Буддизм дал мощный толчок развитию письменности в целом. В поисках первоначальных текстов японские монахи добирались до Индии. Там они познакомились с санскритом и санскритским алфавитом, которым было записано множество первичных текстов сутр. Японские монахи горели искренним стремлением распространять буддизм и не могли не признать преимуществ фонетической санскритской письменности над китайской, для овладения которой требовалось выучить многие тысячи иероглифов. Решив создать нечто подобное для японского языка, они изобрели кану.
Новая система выделяла сорок семь звуков, используемых в разговорном японском языке, и передавала их сорока семью знаками. Большая часть знаков передавала не отдельные звуки, а слоги; потому система и получила название «слоговая азбука».
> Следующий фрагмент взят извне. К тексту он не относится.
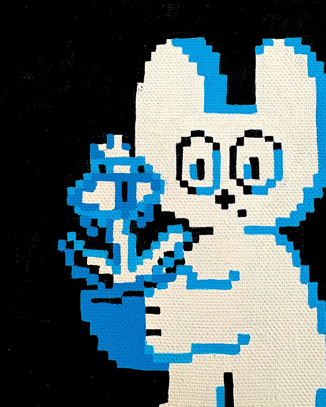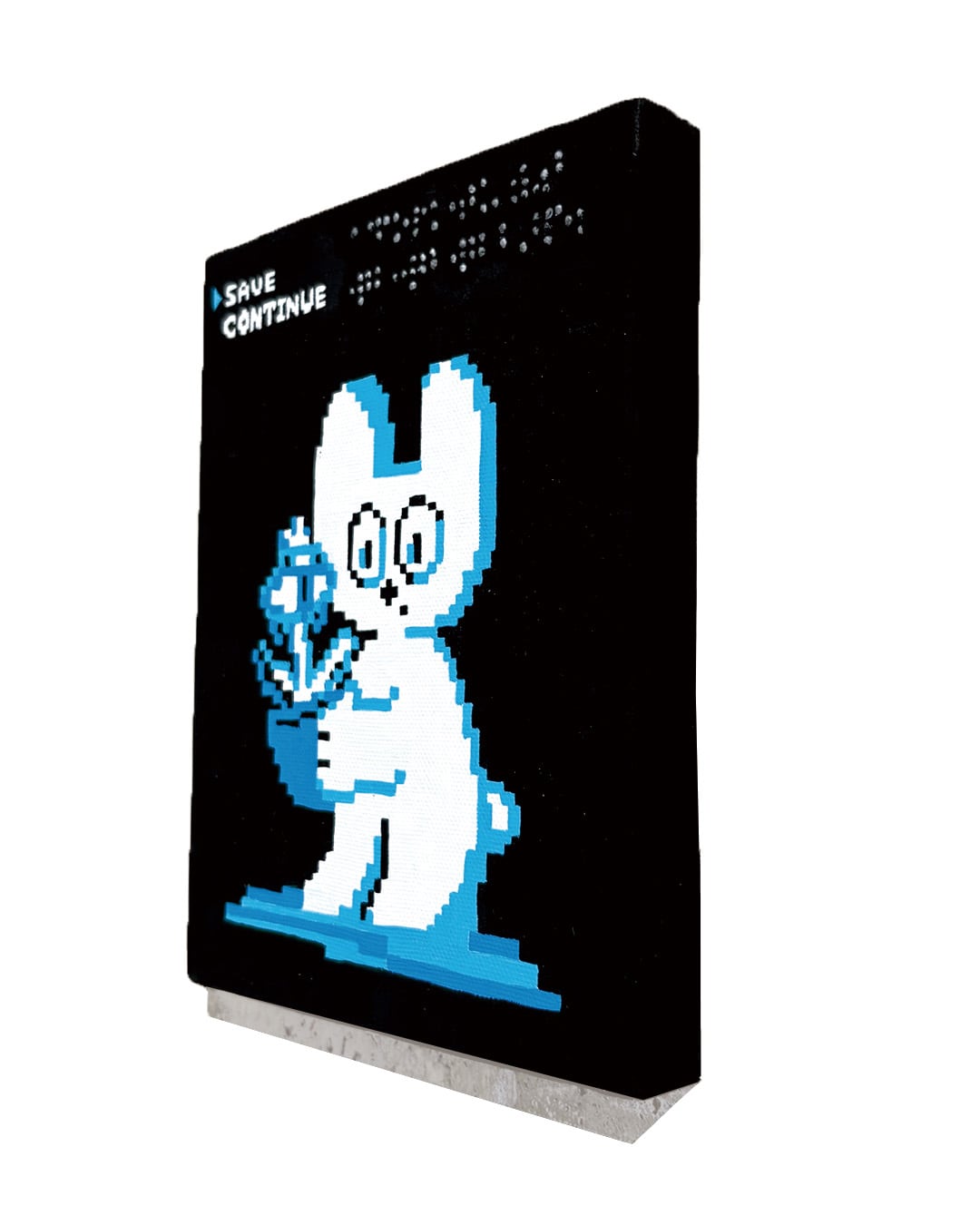 この作品には点字を表現の一部として使用しております。私が生まれつき目に問題を抱えていることもあり、以前から点字に興味を持っていたことと、しゃべることができないポセミンが様々な方法で意思疎通を試みるように、簡単には伝わらないが、理解しようと一歩生み出すと読むことができる、そんな状況をこの文字を使って表現してみようと思いました。
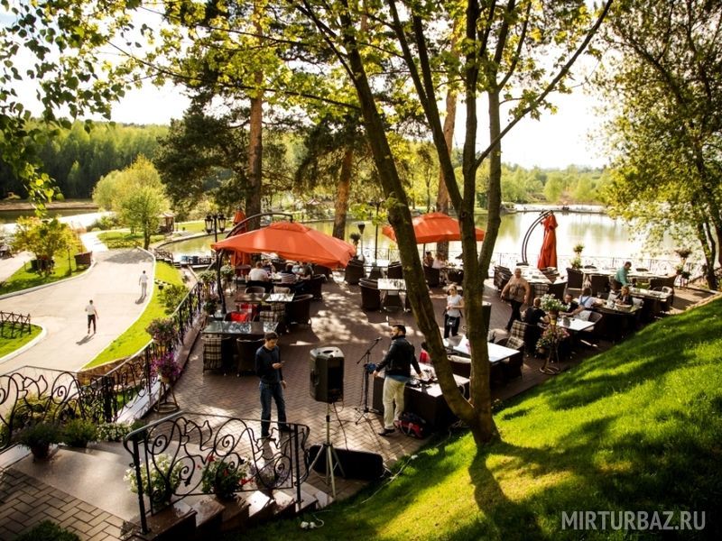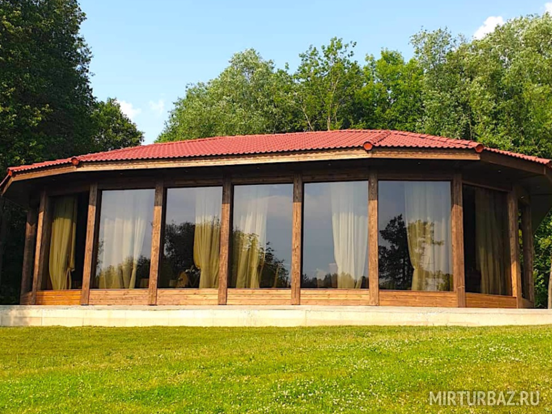 Отличное решение для небольшой свадьбы или другого торжества. Удачное расположение беседок у пруда и панорамное остекление создает естественные декорации, где главный элемент это природа.
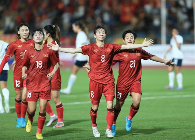 | Trần Thị Thùy Trang (No 8) is seen in the Vietnamese national women’s football team. Photo danviet.vn |
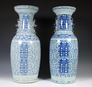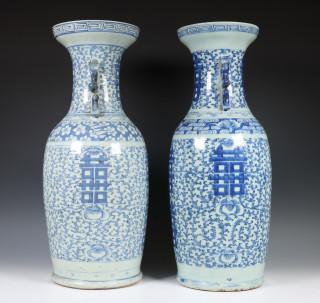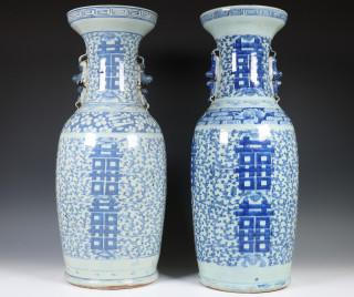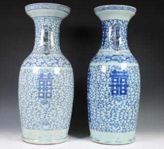 China, paar blauw-wit porseleinen vazen, laat Qing dynastie, 19e eeuw,
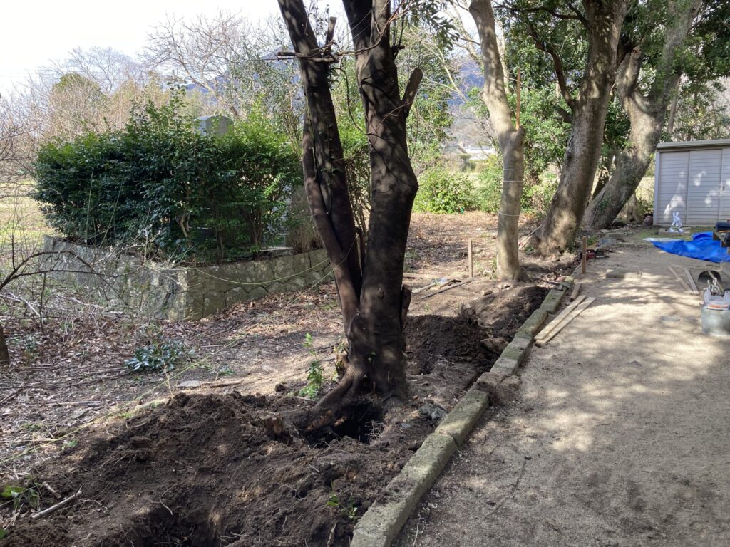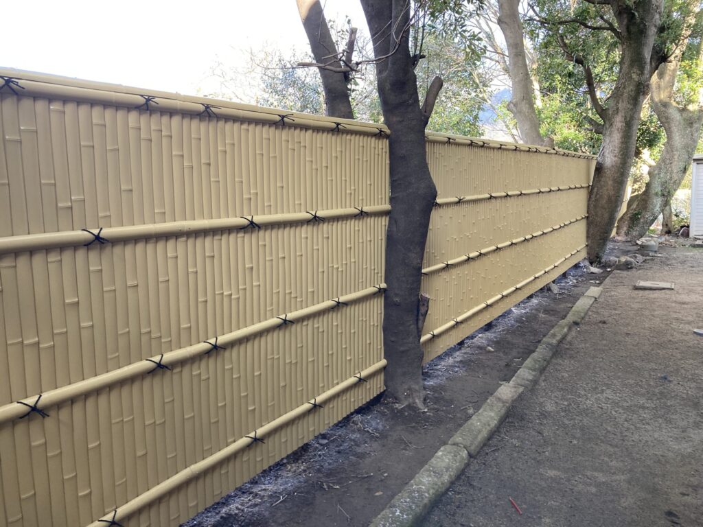 2022.03.01 目隠し・境界塀設置 境界に大径木が数本ある間にプラ竹で塀を設置しました。大径木の幹に合わせすき間がないようにするのがかなり難しいです。プラ竹のパネル自体も金額が高いので失敗は許されません!職人の高い技術が発揮されるときです。 完璧です!!

Слоговая азбука кана несколько сложнее, чем фонетический алфавит, поскольку любой разговорный язык содержит больше слогов, нежели отдельных звуков. И все же результат оказался бесконечно проще, чем нефонетическая китайская система. Еще одно преимущество нового японского вида письменности состояло в том, что она передавала определенные японские звуки вместо того, чтобы подгонять китайские к языку, для которого они не предназначались. И, поскольку новая письменность была обязана своим возникновением буддизму, ученики заучивали сорок семь знаков с помощью стихотворения одного из видных деятелей японского буддизма, в котором каждый из сорока семи звуков используется лишь единожды[314]
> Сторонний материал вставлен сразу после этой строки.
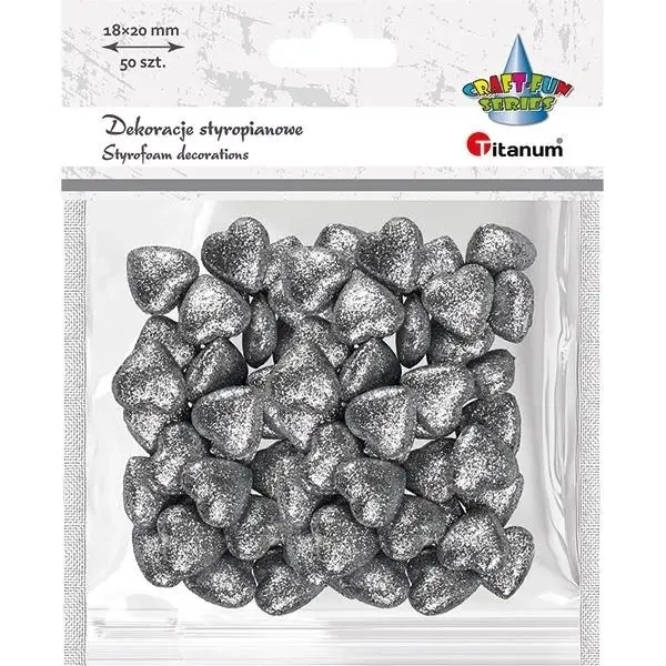 Styropianowe serca 19x19mm srebrne 50szt - Titanum
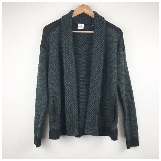 CAbi Fireside Chevron Green Knit Open Cardigan Size Medium
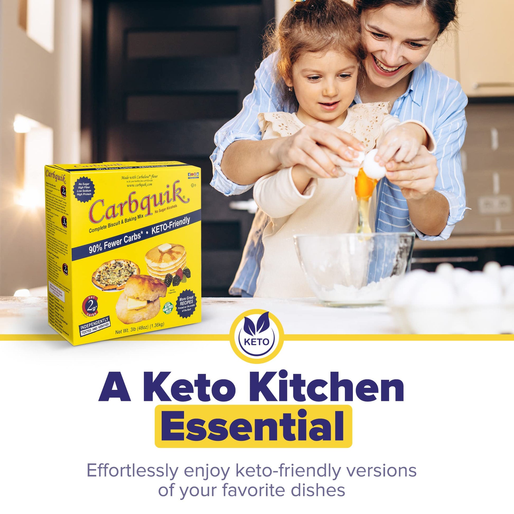 Q: What are the main benefits of using Carbquik Baking Mix?A: Carbquik Baking Mix offers 90% fewer carbs than traditional baking mixes, with only 2g net carbs per biscuit. It is sugar-free, high in fiber, and low in sodium, making it a great choice for low-carb diets.
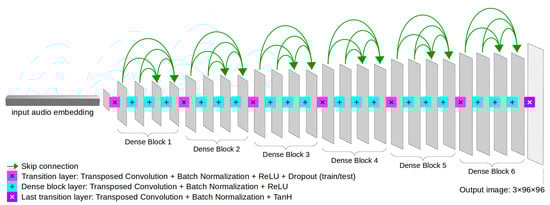 Regarding the generator architecture, a notable improvement over the baseline S2I translator was achieved by employing a deeper 25-layer architecture, especially when applying “skip connections” to make a dense generator. This final architecture draws inspiration from DenseNet [] (Figure 3). Compared to the initial 13-layer sequential generator, which resembles the audio decoder in structure, the new deeper and denser architecture allows for a substantial improvement in the quality of the generated images. The convolutional layers of the generator are followed by BN and ReLU activation, except for the output layer, which employs TanH. Additionally, we include dropout regularization between each dense block to improve model generalization, as well as to prevent deterministic inference through its application also at test time, as utilized by Gal and Ghahramani [] and Isola et al. [].
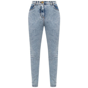 Elevate your denim game with the Balmain high-waist jeans – a garment that oozes sophistication and trendsetting style. Crafted for the fashion-forward woman, these slim-fit jeans boast a light faded blue hue that’s versatile and chic. The detailing is quintessentially Balmain; featuring gold metal buttons and rivets that add a touch of luxury, while the gold logo plaque on the back cements your elite status. Perfect for a bold brunch or a night out with flair, these jeans are a statement piece waiting to shine in your wardrobe.
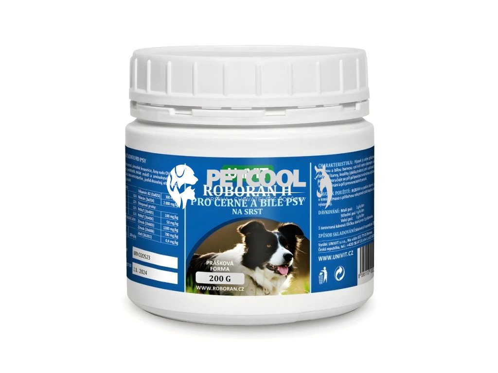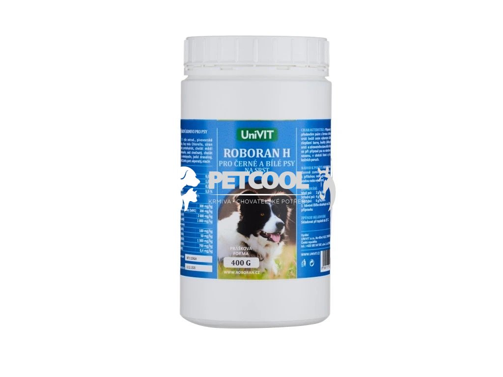 UniVIT ROBORAN® H je doplněk biologicky účinných látek. Vhodnou kombinací složení doplňku je dosaženo zlepšení kvality srsti. U černých a bílých psů zvyšuje kontrast barev bez vzniku žlutého nebo hnědého nádechu. Tablety jsou ochuceny tak, aby jej psi rádi přijímali. Je doporučen jako součást léčby nemocí kůže a srsti (ekzémy, záněty, vypadávání srsti) a při hojení ran. Používá se preventivně při potřebě zlepšit kvalitu srsti při přípravě psa na výstavu. Má výrazný vliv na zdraví kůži a následně na hustotu, lesk a výrazné zbarvení srsti.

[315].Первоначально кана пользовалась в Японии значительно меньшим уважением, чем традиционные китайские иероглифы, однако считалась вполне пригодной для женщин, и, следовательно, для Мурасаки Сикибу. В «Повести о Гэндзи» принц учил юную Мурасаки писать каной, и именно этой азбукой должны были пользоваться все придворные, когда обменивались с женщинами короткими стихотворениями. Таким образом кана нашла опору в придворном обществе, что обеспечило возможность появления как обыденного явления стихов, ставших основным средством коммуникации в обществе.
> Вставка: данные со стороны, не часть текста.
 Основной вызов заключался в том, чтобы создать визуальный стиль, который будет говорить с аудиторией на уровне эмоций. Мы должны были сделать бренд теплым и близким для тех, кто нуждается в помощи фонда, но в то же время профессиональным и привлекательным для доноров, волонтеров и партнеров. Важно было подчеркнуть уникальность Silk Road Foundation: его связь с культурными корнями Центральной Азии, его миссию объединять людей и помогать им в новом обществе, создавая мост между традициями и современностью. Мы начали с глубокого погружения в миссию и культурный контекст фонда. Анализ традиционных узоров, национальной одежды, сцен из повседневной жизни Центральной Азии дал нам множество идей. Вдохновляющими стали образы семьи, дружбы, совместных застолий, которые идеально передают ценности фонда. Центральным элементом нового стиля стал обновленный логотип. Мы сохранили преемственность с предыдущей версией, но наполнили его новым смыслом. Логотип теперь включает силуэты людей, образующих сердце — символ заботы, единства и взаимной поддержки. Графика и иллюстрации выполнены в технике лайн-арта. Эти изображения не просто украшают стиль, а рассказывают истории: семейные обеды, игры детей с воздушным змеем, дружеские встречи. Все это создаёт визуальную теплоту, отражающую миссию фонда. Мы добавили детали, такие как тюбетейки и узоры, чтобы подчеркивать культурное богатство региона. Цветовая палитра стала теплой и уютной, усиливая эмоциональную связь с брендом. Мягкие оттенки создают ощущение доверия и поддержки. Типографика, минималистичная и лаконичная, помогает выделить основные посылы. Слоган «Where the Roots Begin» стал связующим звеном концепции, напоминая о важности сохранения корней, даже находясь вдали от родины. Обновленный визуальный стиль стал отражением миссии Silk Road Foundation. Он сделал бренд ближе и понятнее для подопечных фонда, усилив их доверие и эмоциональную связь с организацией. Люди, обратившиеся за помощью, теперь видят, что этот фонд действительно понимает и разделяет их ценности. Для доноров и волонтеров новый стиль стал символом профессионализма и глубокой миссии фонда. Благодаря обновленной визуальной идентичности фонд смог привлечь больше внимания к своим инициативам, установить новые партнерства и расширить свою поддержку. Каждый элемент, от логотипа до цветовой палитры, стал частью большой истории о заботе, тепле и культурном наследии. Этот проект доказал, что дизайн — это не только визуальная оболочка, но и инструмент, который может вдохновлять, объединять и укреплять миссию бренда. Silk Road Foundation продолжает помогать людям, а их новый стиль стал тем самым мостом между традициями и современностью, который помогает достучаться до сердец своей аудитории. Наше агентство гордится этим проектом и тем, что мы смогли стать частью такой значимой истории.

Добившись успехов в обучении девочки каллиграфии, поэзии и кане, герой «Повести о Гэндзи» решил, что пора взять ее в жены. Ей было тогда двенадцать лет – столько же, сколько самому Гэндзи, когда его женили. Два года Гэндзи окружал свою подопечную всеобъемлющей заботой, и изменение отношений оказалось для нее крайне неожиданным. Наутро после брачной церемонии Гэндзи, по обычаю, оставил ей стихотворение, но, заглянув в коробку, где должен был бы находиться ответ, ничего не обнаружил. Потрясенная молодая супруга не нашла в себе сил на ответное послание. Однако брак так или иначе свершился. Подтверждением этому служил сделанный Гэндзи заказ на ритуальные рисовые лепешки моти.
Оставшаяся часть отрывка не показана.